Teman saya mulai berdalih untuk mengulur waktu. Herannya, saya setuju saja. Padahal biasanya, kalau ada yang semangatnya kendor, saya paling kencang berteriak.
Bulan berikutnya si bayi lahir. Alhamdulillah. Kebetulan juga, benih belut yang ditebar sudah waktunya dipanen. Jadi sekalian saja syukuran bareng. Hari H-nya ditetapkan tanggal 21 Juli dan belut hasil panen perdana diniatkan untuk lauk syukuran.
Pada hari H, kami berdua plus keluarga besar teman, termasuk jabang bayi, berkumpul di teras belakang. Setelah berdo’a, acara panen dimulai. Saya mendapat kehormatan untuk mengawali panen.
Dengan semangat tidak karuan, karena lagi-lagi phobinya kambuh, saya memaksa diri memasukkan tangan ke dalam tong. Aduk sana, aduk sini. Setelah beberapa saat, nyali saya mulai tumbuh dan saya menjadi semakin bersemangat. Tapi, disaat mulai kegirangan, sekaligus saya mulai heran. Kok, tangan saya sejak tadi tidak nyenggol apa-apa? Aduk lagi sana-sini. Tetap tidak nemu apa-apa.
Gawat! Perasaan saya mulai tidak enak.
Melihat keadaan saya, teman saya menjadi tidak sabar, tong satunya langsung diubeg. Sami mawon. Akhirnya kami sepakat menumpahkan isi tong.
Byurrrr ………….
Diantara lumpur yang mengalir ke mana-mana terlihat ada beberapa makhluk bergerak-gerak. Beberapa ekor ………… ah, ternyata cuma empat, ukurannya lumayan besar, walaupun tidak sebesar hasil panen di tempat pelatihan, sementara lainnya …….. ada tujuh ekor, ukurannya cuma sedikit lebih besar dibanding benih yang dulu kami tebar. Lainnya mana?

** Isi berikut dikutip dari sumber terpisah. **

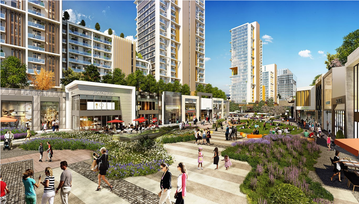
Tablo 14. PSGYO Merkez Ankara Proje Görünümü

Değerleme detayları (Tablo 15) ve (Tablo 16)'da gösterilmektedir.
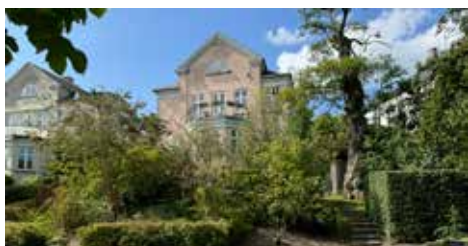
TAARBÆKDALSVEJ 4, 1. & 2.
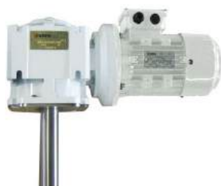
NHS мотор редуктор

Мешалка NHS представляет собой вертикальную мешалку с приводом от червячного мотор-редуктора. Она может использоваться для процессов перемешивания, растворения и поддержания однородности, там где требуется средняя интенсивность перемешивания.
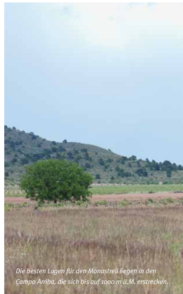
Die besten Lagen für den Monastrell liegen in den Campo Arriba, die sich bis auf 1000 m ü.M. erstrecken.

Die drei La Purísima-Weine werden in der Schweiz exklusiv durch die Weinhandlung am Küferweg geführt. Lernen Sie Valcorso, Estio und Trapio im Probierpaket zum Preis von Fr. 37.– (statt Fr. 47.60) kennen.
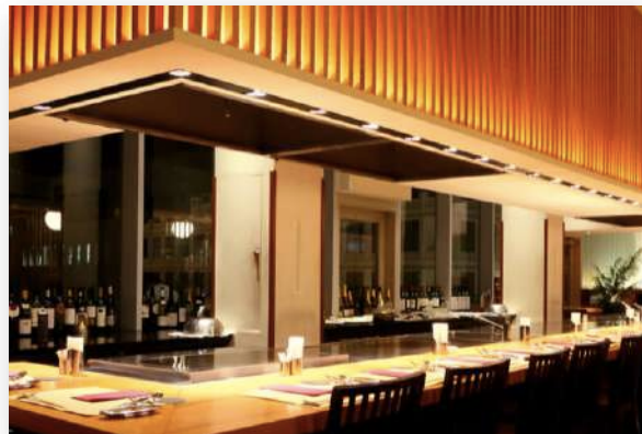
神戸の夜を素敵なディナーで♪
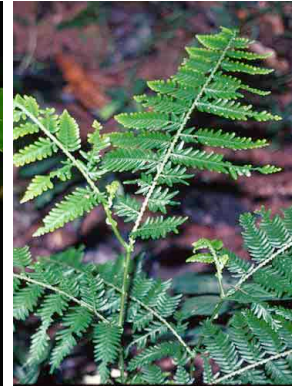
184 Selaginella exaltata PTERIDOPHYTA
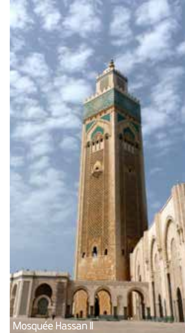
Mosquée Hassan II
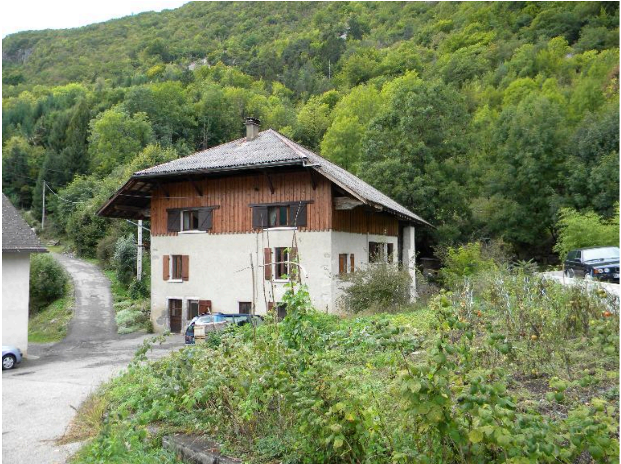
Vue de trois-quarts d'une ancienne ferme (2008 C3 300)
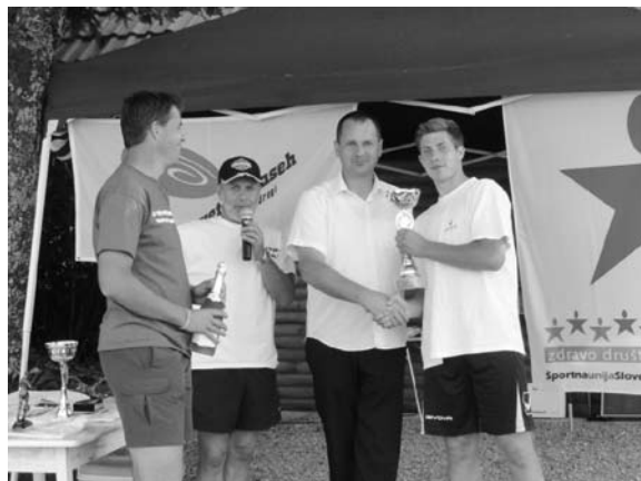
Župan s predstavnikom zmagovalne ekipe
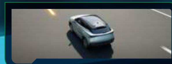
System ostrzegający o niezamierzonej zmianie pasa ruchu (LDW)
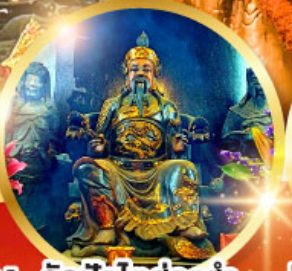
วัดปักโต้อ่องอำ
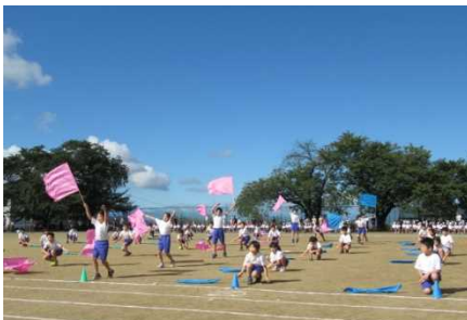
4年「羽ばたけ！われらのカイト」
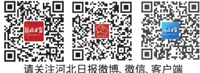
请关注河北日报微博、微信、客户端

对接发展战略;深化政治安全合作,增进战略互信;将人文交流活动经常化、机制化,加深五国人民相互了解和友谊;与时俱进加强金砖机制建设,为各领域合作走深走实提供坚实保障。各国领导人决心以厦门会晤为新起点,共同打造更紧密、更广泛、更全面的战略伙伴关系。(下转第二版)
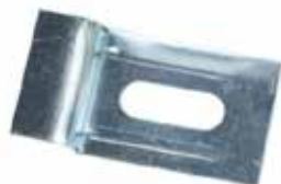
05 - Wandaufhänger (2x)
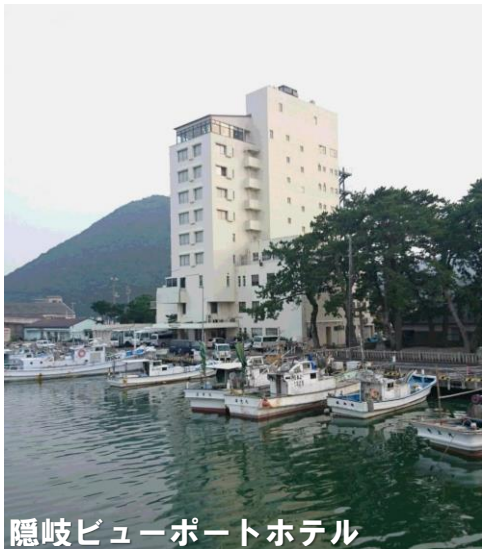
隠岐ビューポートホテル
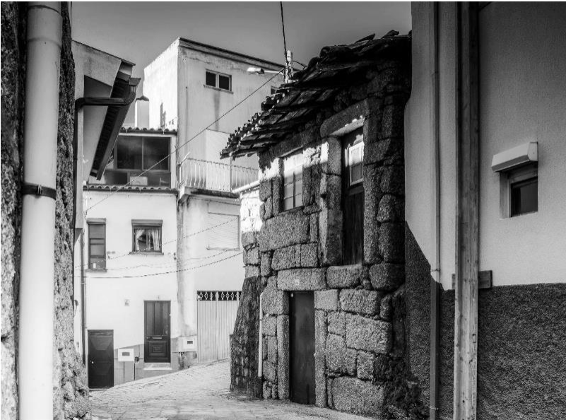
Figura 18 – Casa pequenina desabitada.

dessa pequenez, mas também do tipo de casas graníticas que se mantêm por ali e da paisagem natural que as envolve. Descobrem-se ainda as várias casas de pedra, restauradas com muita beleza, mantendo a fachada original, algumas delas tão pequeninas que se assemelham à casa dos sete anões da história tradicional infantil da Branca de Neve.
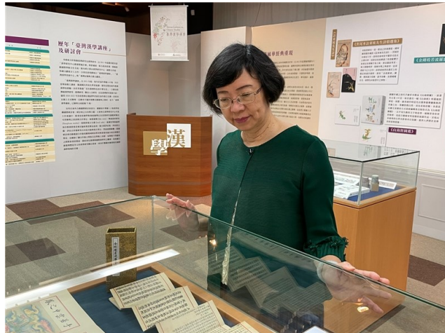
國家圖書館曾館長觀賞特藏文獻主題展

使臺灣漢學研究與推廣成就，光耀於國際社會。國圖真摯純粹的學術交流，除了鞏固了臺灣學術研究與推廣之國際地位，也將是臺灣外交上的重要後盾；期許國圖的漢學研究與耕耘，持續再展鴻圖。
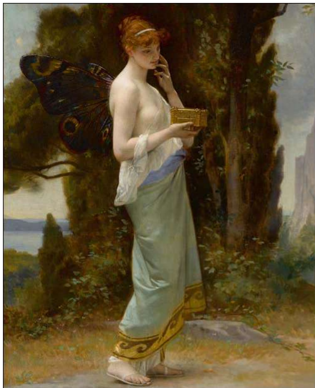
Psyché, Alexandre Cabanel

chický, mentální, morální a duchovní rozvoj těch, kteří později budou muset dát to nejlepší ze sebe, když se nejprve oni sami stanou lepšími.
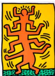
KEITH HARING Growing 1988 Sérigraphies en couleur. AP 2/15 Vendu pour CHF 58 100
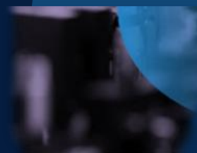
PHYSICAL SCIENCE & ENGINEERING
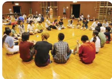
みんなで輪になって

15歳(高校1年生)以上で、「元気!(^^)!!」と「子どもたちと優しく接してくれる 気持ち」がある方、“ふれあいキャンプ”と一緒に暑い夏を吹き飛ばしませんか。 このキャンプでは、主に知的な障害のある小学校3年生から高校3年生の 子どもたちと、泊まりながら楽しく過ごします。
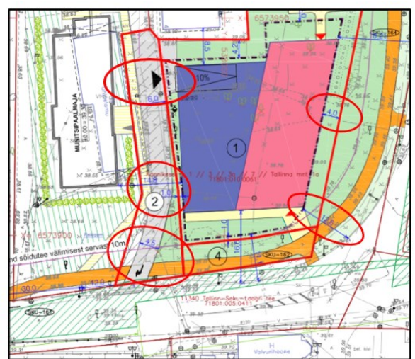
Joonis 2. Väljavõte projekti liikluskorralduse joonisest ja planeeringu põhijoonisest

Lisaks juhime tähelepanu, et joonisele on kandmata riigiteede nähtavuskolmnurgad vastavalt juhendile „ Ristmike vahekauguste ja nähtavusalade määramine “.
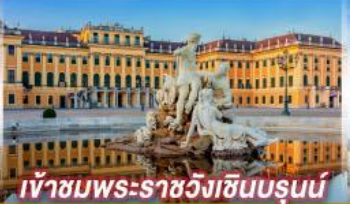
เข้าชมพระราชวังฮินบรุนน์

Lalu kenapa yang gede cuma empat dan yang lain cebol?
Walaupun sejak awal, saat semuanya running well, saya sempat was-was kalau-kalau nanti bakal ada kejutan, tak urung ketika kejutan itu benar-benar datang, saya sempat merasa kecewa. Masalahnya, saya tidak menyangka kalau kejutannya bakal seperti ini. Prediksi saya semula, kalaupun gagal, mungkin belutnya mati satu persatu, atau bagaimana, pokoknya tidak seperti itu. Lha ini, yang mati tidak ketahuan bangkainya, sementara yang tersisa ukurannya tidak seragam. Bener-bener ajaib.
- Kamu yang ajaib. Ide siapa kasih makan belut pakai pelet?.
Pelatih saya ngakak setelah tahu masalah yang saya hadapi.
Yaahhhhhh …….. budidaya belut ternyata tidak boleh semau gue. Gara-gara males menyiapkan pakan alami, belut-belut saya saling memangsa. Yang selamat tapi tidak kecukupan gizi – mungkin kalah berebut bangkai, tumbuhnya lambat, jadi kontet.
Pelajaran pertama: Kalau mengerjakan sesuatu, lakukan dengan sungguh-sunggu dan sepenuh hati.